Most recently, this principle was proven in litigation between Google Inc., and the Authors Guild Inc.1 The case concerned the Google Books Project; Google would scan books (including copyrighted books) and use optical character recognition technology to generate machine-readable text, thereby creating a digital copy of each book. Google then would analyze each scan and create an overall index of all the scanned books. The index, in turn, allows for a search for a particular word or phrase throughout the scanned works. Google included certain security measures to prevent users from viewing a complete copy of the works by permitting snippet views. In deciding in favor of Google against claims of copyright infringement by the authors, the court noted that there were many benefits of the project including (1) the creation of an efficient method of finding books; (2) the creation of a research tool; (3) improvement of interlibrary lending; and (4) the facilitation of finding and checking citations. Significantly, the court also noted (as a benefit) that the project promoted “data mining” or “text mining.” Data mining or text mining is essentially the analysis of Big Data to produce results specific to a particular inquiry (e.g., is a particular word used, is a particular product in demand, etc.). The court considered data mining a research tool and noted that the project permitted researchers to track the frequency of references and how word uses had changed over time, thereby providing insights about “‘fields as diverse as lexicography, the evolution of grammar, collective memory, the adoption of technology, the pursuit of fame, censorship, and historical epidemiology.’”2 Indeed, in ruling for Google, the court went out of its way to note that the public benefit of the use of Big Data and data mining supported its ruling:

In my view, Google Books provides significant public benefits. It advances the progress of the arts and sciences, while maintaining respectful consideration for the rights of authors and other creative individuals, and without adversely impacting the rights of copyright holders. It has become an invaluable research tool that permits students, teachers, librarians, and others to more efficiently identify and locate books. It has given scholars the ability, for the first time, to conduct full-text searches of tens of millions of books. It preserves books, in particular out-of-print and old books that have been forgotten in the bowels of libraries, and it gives them new life. It facilitates access to books for print-disabled and remote or underserved populations. It generates new audiences and creates new sources of income for authors and publishers. Indeed, all society benefits.3

Thus, Google successfully avoided liability by clearly defining the business purpose of its use of Big Data prior to the litigation, cogently presenting that vision to the court, and emphasizing to the court the public benefits of the results. Significantly, Google was successful in the face of the authors’ claims to copyright, which typically trump mere claims of commercial interest in disputed works. However, the court found Google’s competing commercial interests (e.g., attracting customers to purchase books) to be compelling. However, Google’s use of Big Data analytics to create a public good (e.g., developing research tools) while providing some protection to the claimant’s rights (notably Google prevented users from seeing a complete copyrighted work) enabled it to derive additional commercial benefit from its use of Big Data. The lesson: The litigation risk of using Big Data can be mitigated by a defined business purpose that (1) includes transparency so that the consumer is informed regarding how the data is being used; (2) provides protections for any competing commercial interests, and (3) promotes the advancement of the public good.

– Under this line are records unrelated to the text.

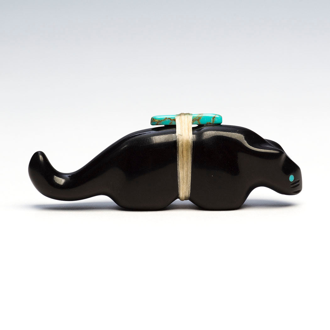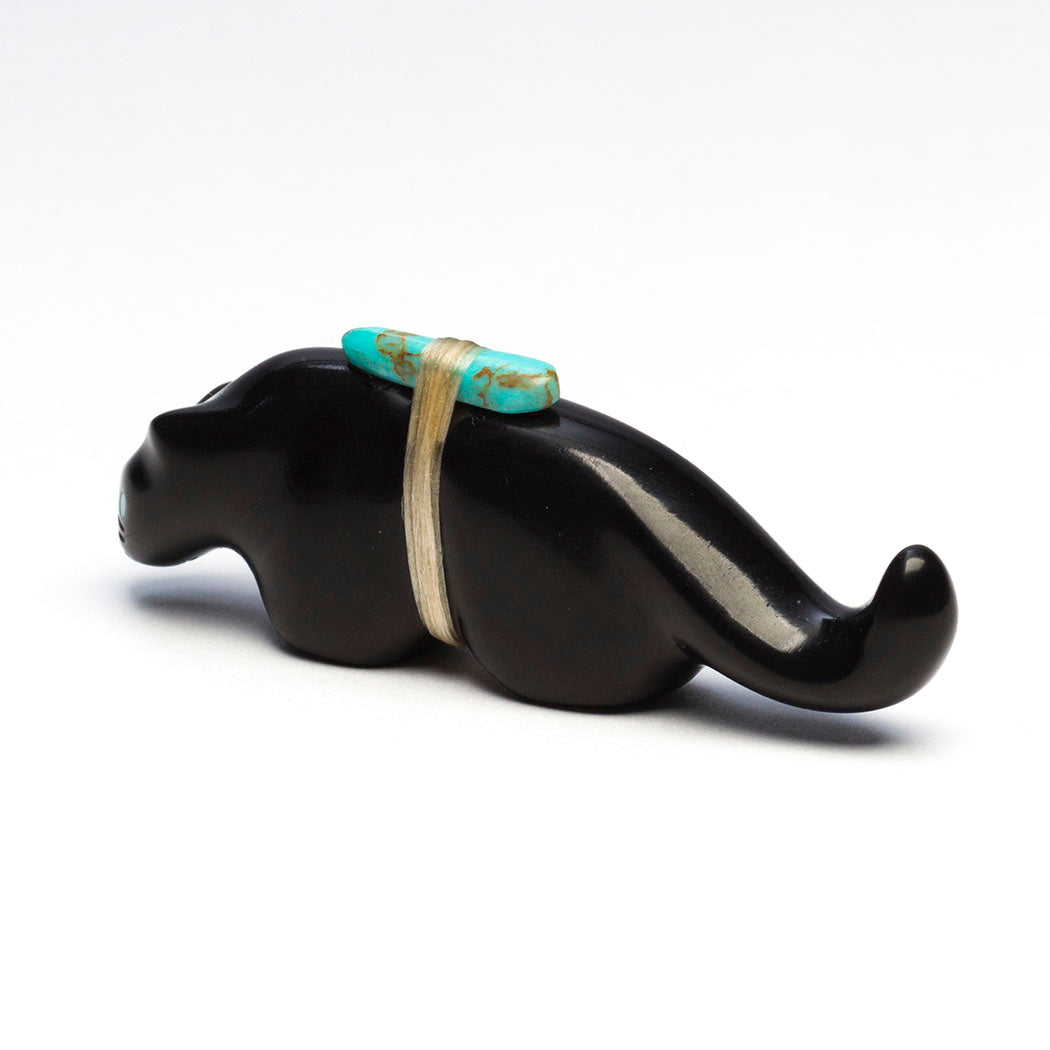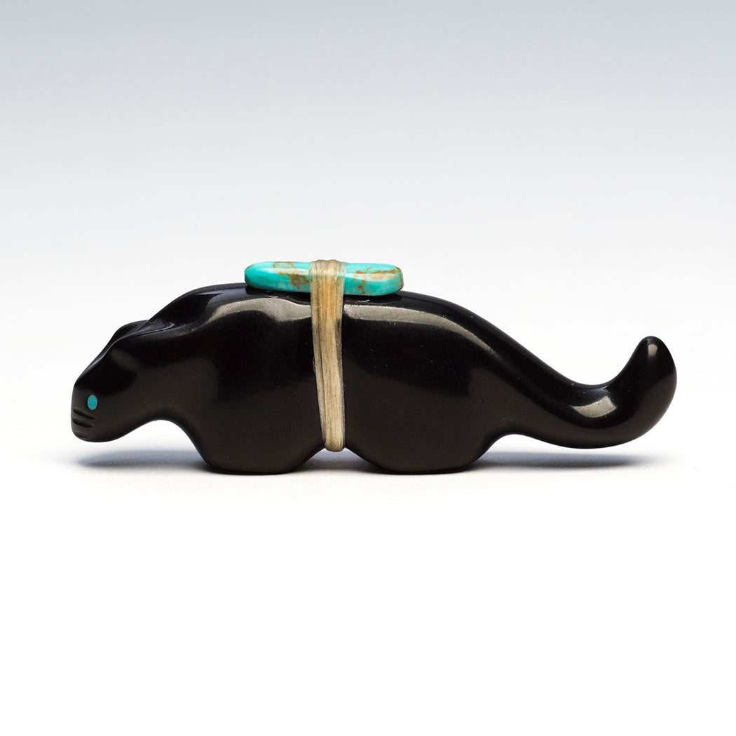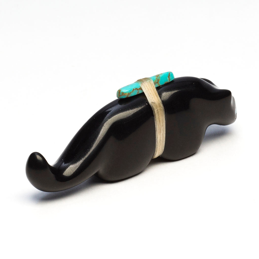 Mountain Lion (puma, leopard, panther or cougar) hunts through eyes from crushed lapis and turquoise. Because mountain lions are stealthy in nature, Zuni men will bring along a mountain lion carving for success in the hunt. For the A:Shiwi (The People) a mountain lion is the Eldest Brother and most important of the
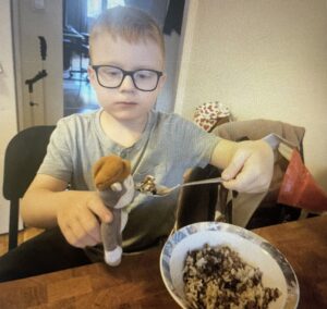 Idag fick vi träffa vår vän Pelle igen. Under helgen har han varit hemma hos en pojke i klassen och tillsammans har de hittat på många roliga saker. Pelle fick följa med och handla och han fick vara med när pojken spelade tv-spel. Dessutom har Pelle fått smaka ostbågar och köttfärs med ris, och naturligtvis har Pelle även fått borstat sina tänder riktigt noga. Men att åka linbana i Ängelholm är något Pelle gärna vill göra fler gång
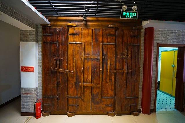 客厅的尽头,是一个木制的大门,应该就是一个装饰品,设计得也算别有用心吧。
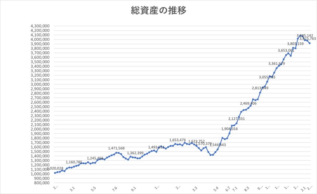 2026年2月15日時点での総資産は、3,915,763円(先週比-57,644円)となりました。
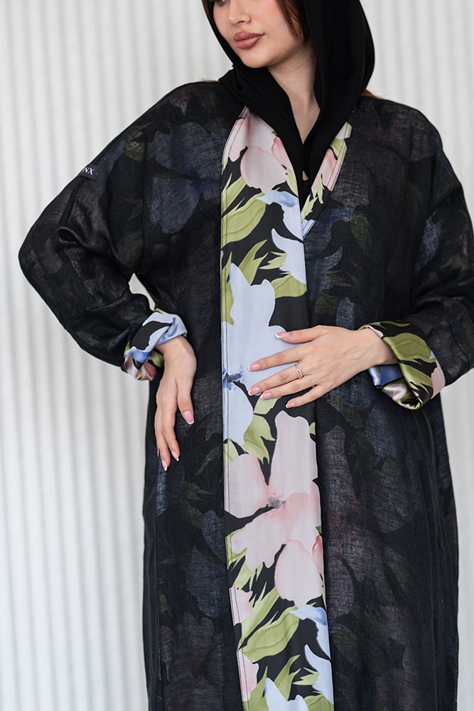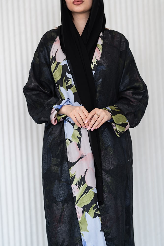 عباية بقماش لينين أسود مبطنه بقماش كريب ناعم مع طرحه
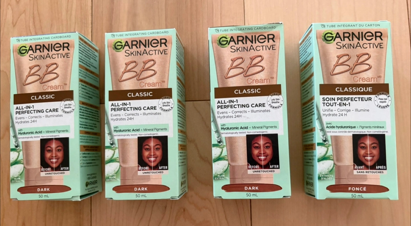 $12 Each Four tubes of Garnier SkinActive BB Cream in the shade Dark. All-in-1 perfecting care. Evens, corrects, illuminates, and hydrates for 24 hours. Contains hyaluronic acid and mineral pigments. Dermatologically tested and non-comedogenic.
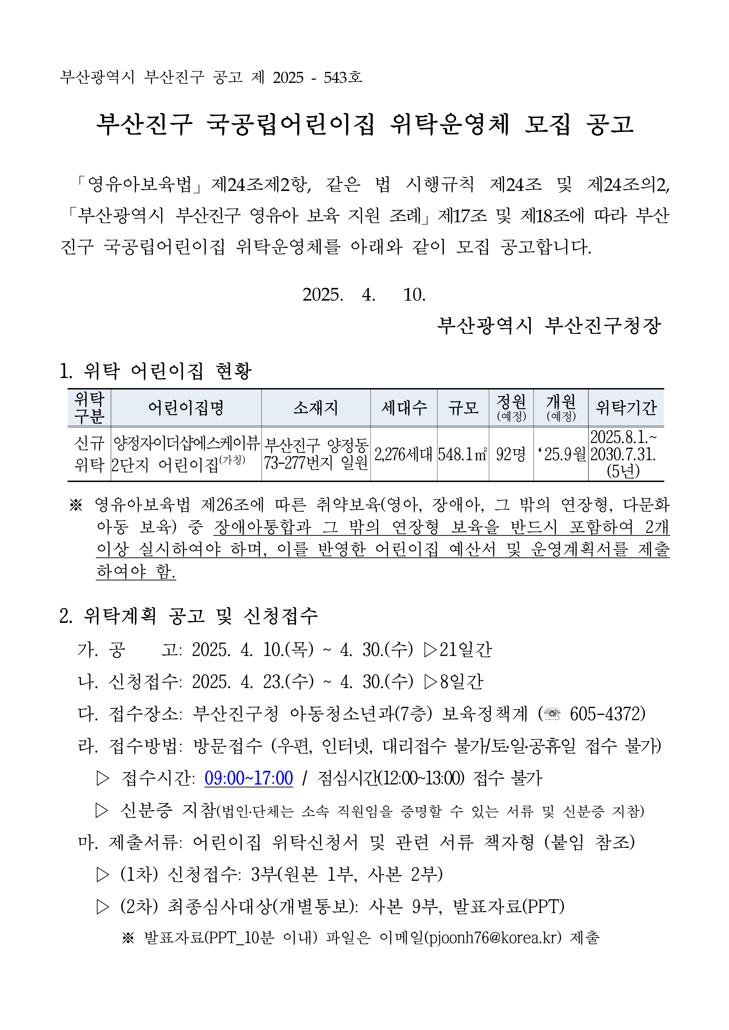 부산진구 국공립어린이집 위탁운영체 모집공고
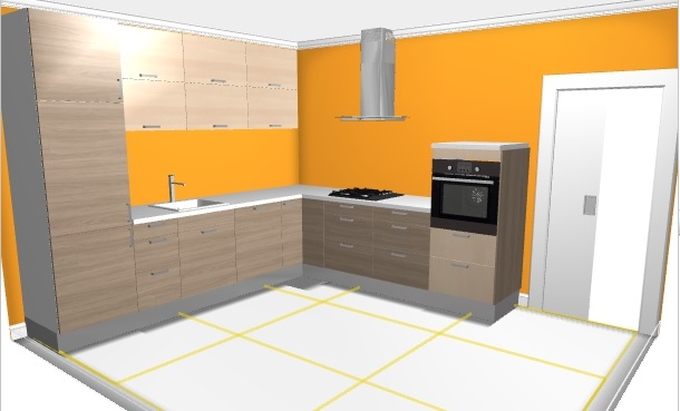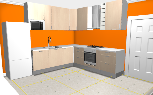 совсем было остановилась на этом варианте,а потом засомневалась...на шкаф с духовкой планируется ТВ поставить,но как то громоздко он смотрится на входе.муж кричит что холодильник встраивать это роскошь(бюджет ограничен)

6.3 How Does the Use of Big Data Have an Impact on the Market?

Another issue that companies using Big Data should consider in the context of risk assessment is how the use of Big Data will have an impact on the marketplace. Generally, these questions go to whether there might be a claim that the use of the data would provide the basis for business claims like unfair competition. In reviewing these issues, companies should fully assess the market power Big Data analytics provide for the company, its vendors, and its competitors (see also Chapter 8, “The Antitrust Laws and Big Data”). This is particularly true when the company’s use of Big Data analytics provides it with a commercial benefit at the expense of another company’s commercial interest. Two recent cases highlight this issue.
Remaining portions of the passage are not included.